Parmi les avancées récentes, le Kisunla d'Eli Lilly, basé sur donanemab, et le Leqembi sont des options prometteuses pour soigner Alzheimer.

Ces traitements sont très contestés. D'un côté, leurs essais ont montré des progrès après des années d'échecs. De l'autre, l'amélioration est faible et certains experts la jugent insignifiante. Ils peuvent aussi causer des effets secondaires dangereux, comme des hémorragies cérébrales.

L'UE, en suivant l'avis de l'EMA, a aussi approuvé Leqembi fin 2024 avec des restrictions après un refus initial. Pour le Kisunla, il est destiné uniquement aux patients en phase débutante d'Alzheimer sans mutation génétique risquée.
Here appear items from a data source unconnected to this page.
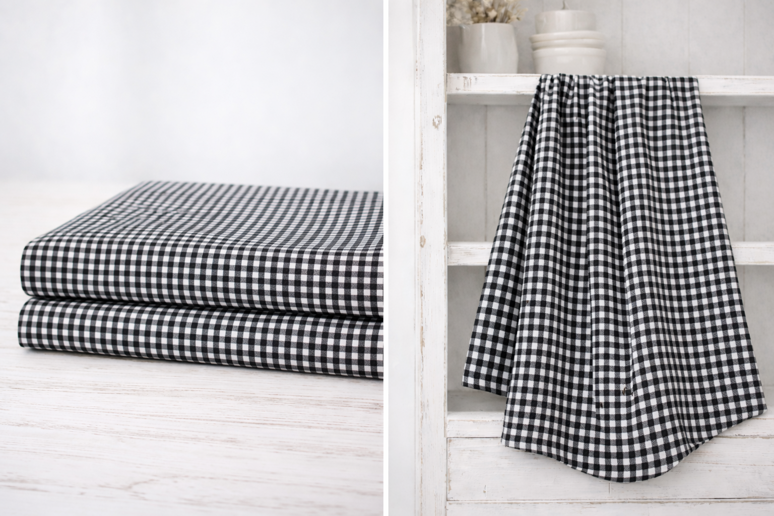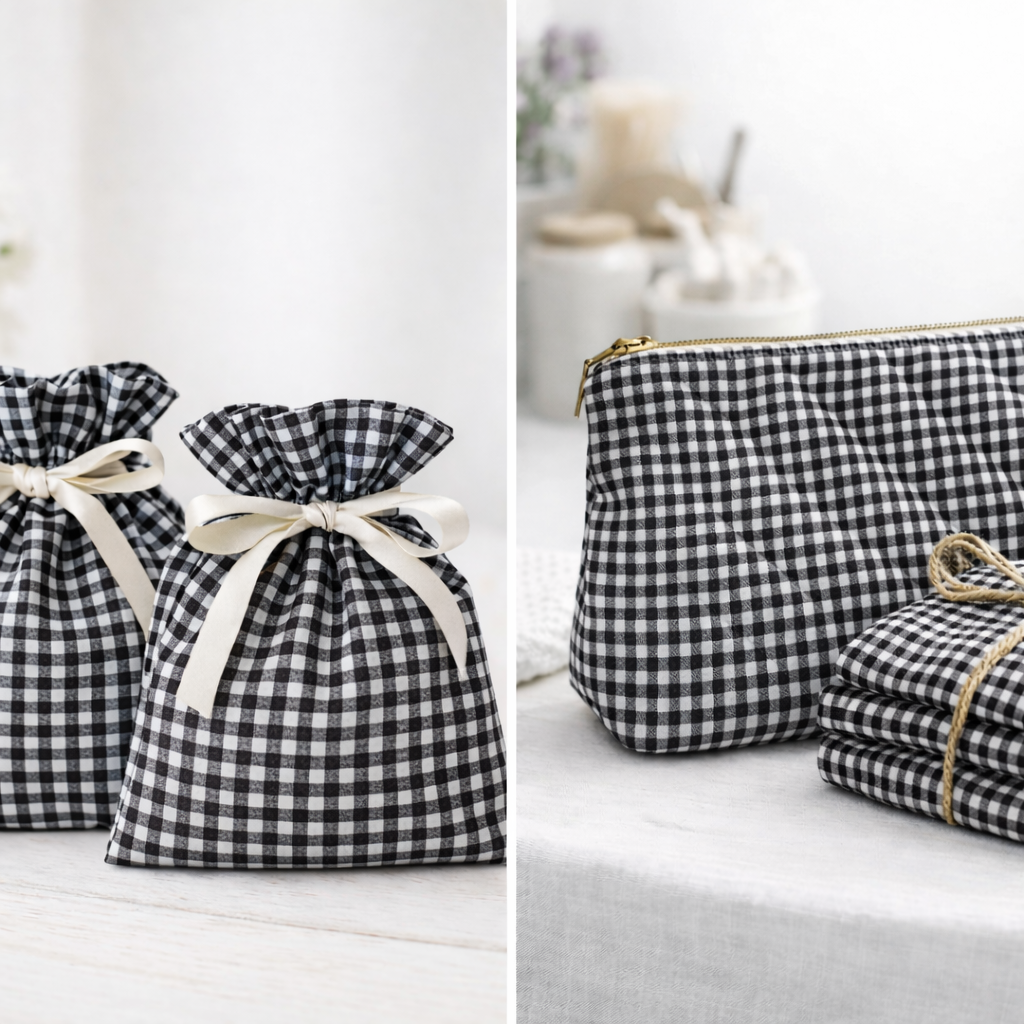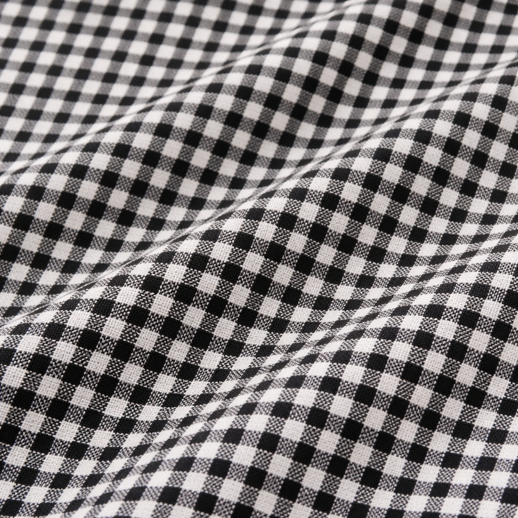 Elegimos este vichy por su equilibrio entre suavidad y estructura, lo que facilita la confección y garantiza un acabado limpio y duradero.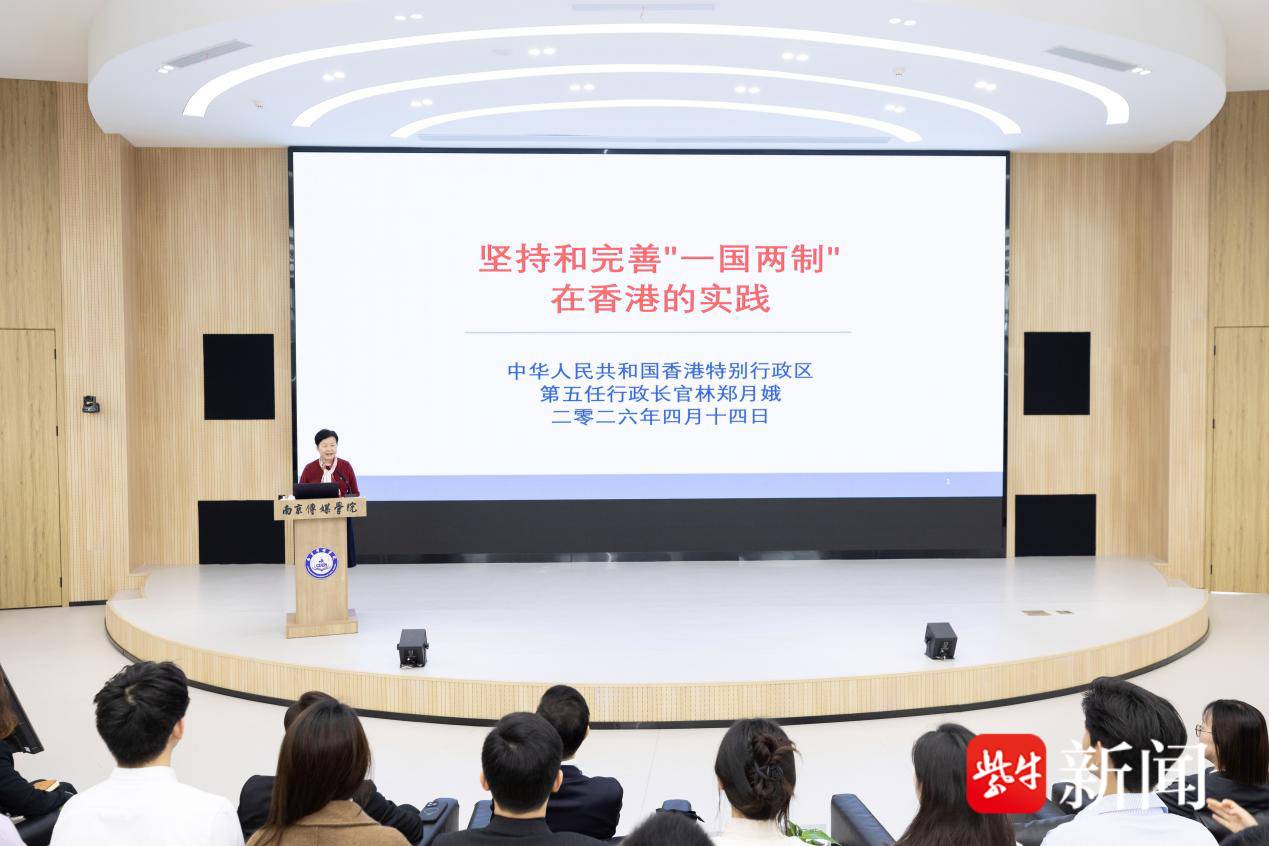 4月14日上午,香港特别行政区第五任行政长官林郑月娥女士来校访问,以“坚持和完善‘一国两制’在香港的实践”为主题作主旨演讲,与南传师生亲切交流。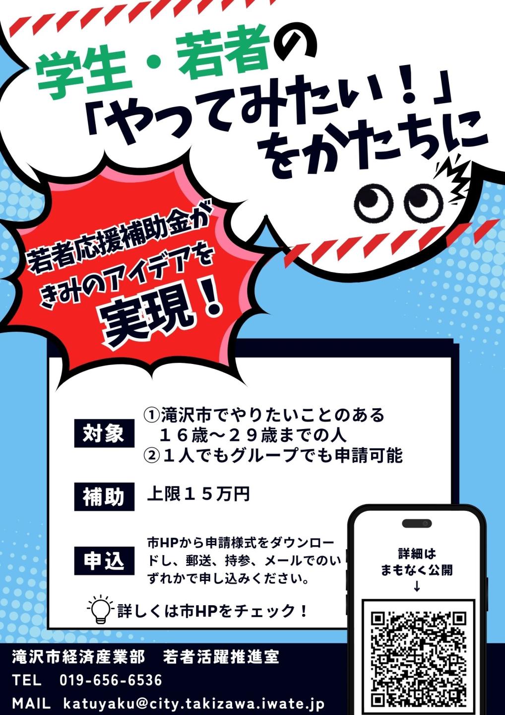 及び、令和7年度滝沢市若者応援補助事業実施要項ご確認ください。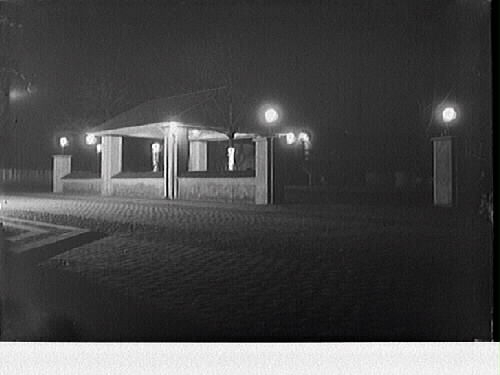 Kvällsbild av BP Bensinstation som låg utmed Kungsgatan, fastigheten Kv Magistern 7.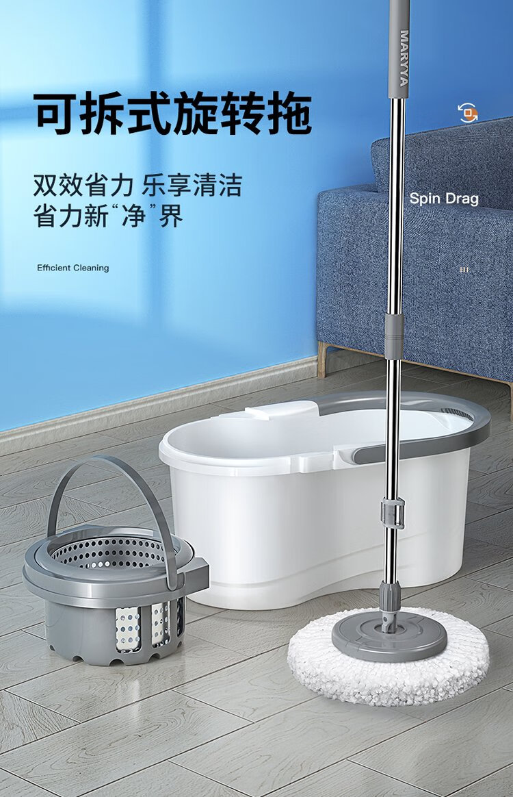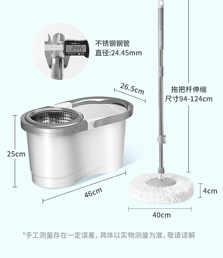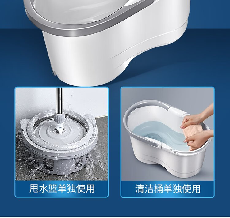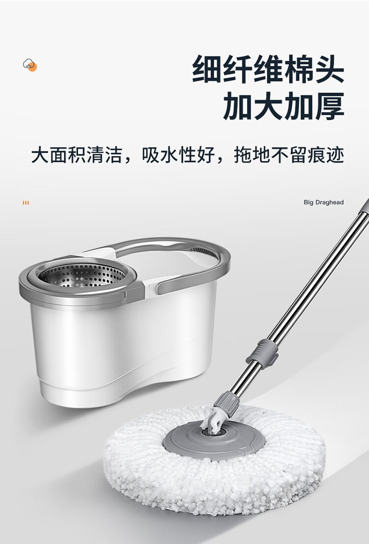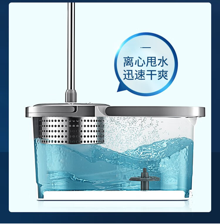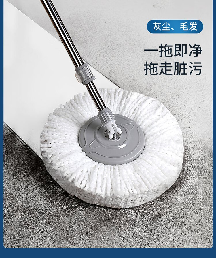 美丽雅旋转拖把40cm伸缩杆2拖布带桶墩布干湿两用一拖净免手洗家用墩布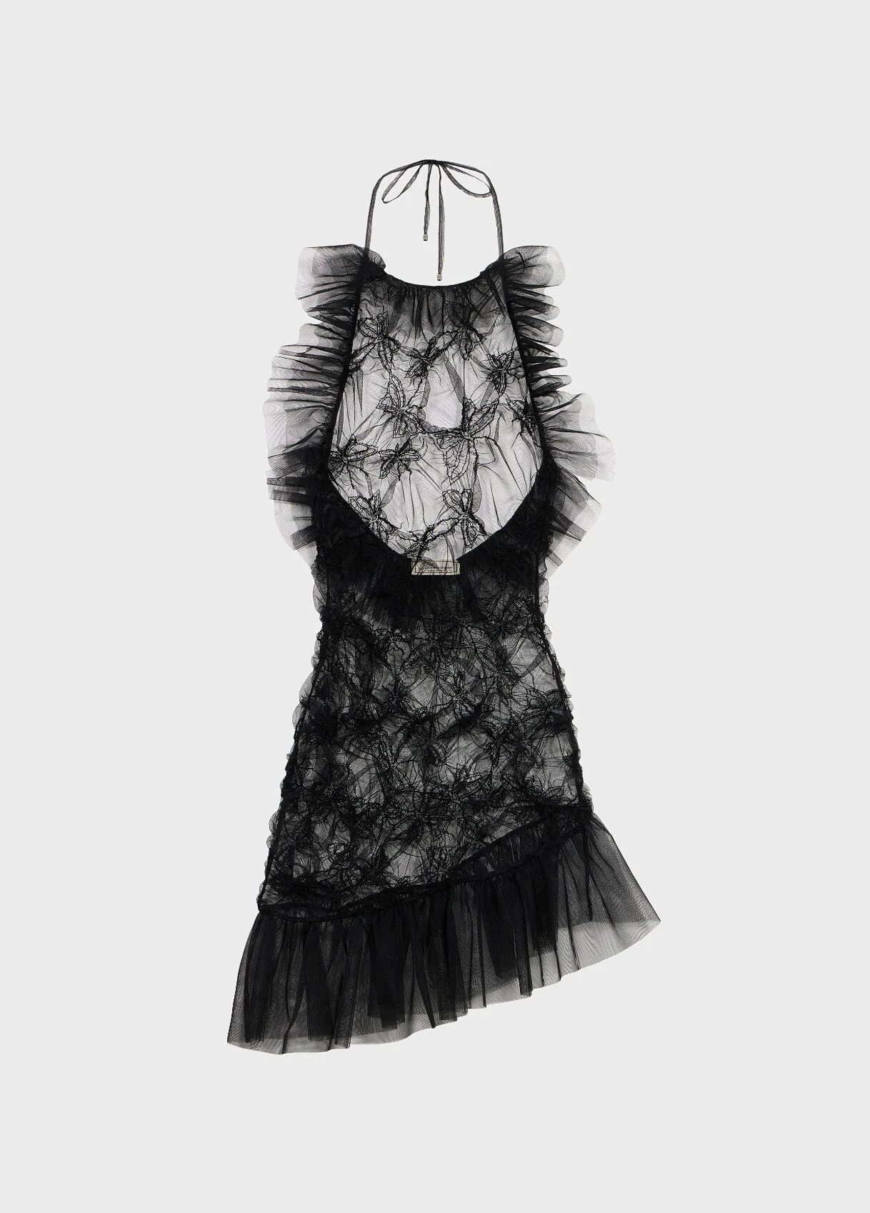 Short tulle dress with embossed butterfly embroidery, wide ruffles, and an asymmetrical hem. - Tulle - Embossed butterfly embroidery - Ruffle trim - Halter neckline - Sleeveless - Off-the-shoulder - Asymmetrical hem - Deep back neckline - Removable slip - Mini length - Bodycon fit DETAILS To find the correct size for you, please consult the Size Guide. Composition: Main fabric: 100% Polyamide | Slip: 75% Polyamide, 25% Elastane | Trimming: 80% Polyamide, 20% Elastane Do not wash; Do not bleach; Do not tumble dry; Do not iron; Dry clean with tetrachloroethylene or hydrocarbons - delicate process; Reshape after washing; Do not expose to direct heat sources; Wash inside out

Maintenant, les pays de l'UE peuvent décider du remboursement. En septembre, la France a estimé que Leqembi ne méritait pas un remboursement accéléré, mais pourrait le revoir plus tard.

Hors de l'UE, le Royaume-Uni a approuvé ces traitements sans les rembourser, citant un coût élevé. Aux États-Unis, l'approbation est donnée, mais le remboursement dépend des assurances privées.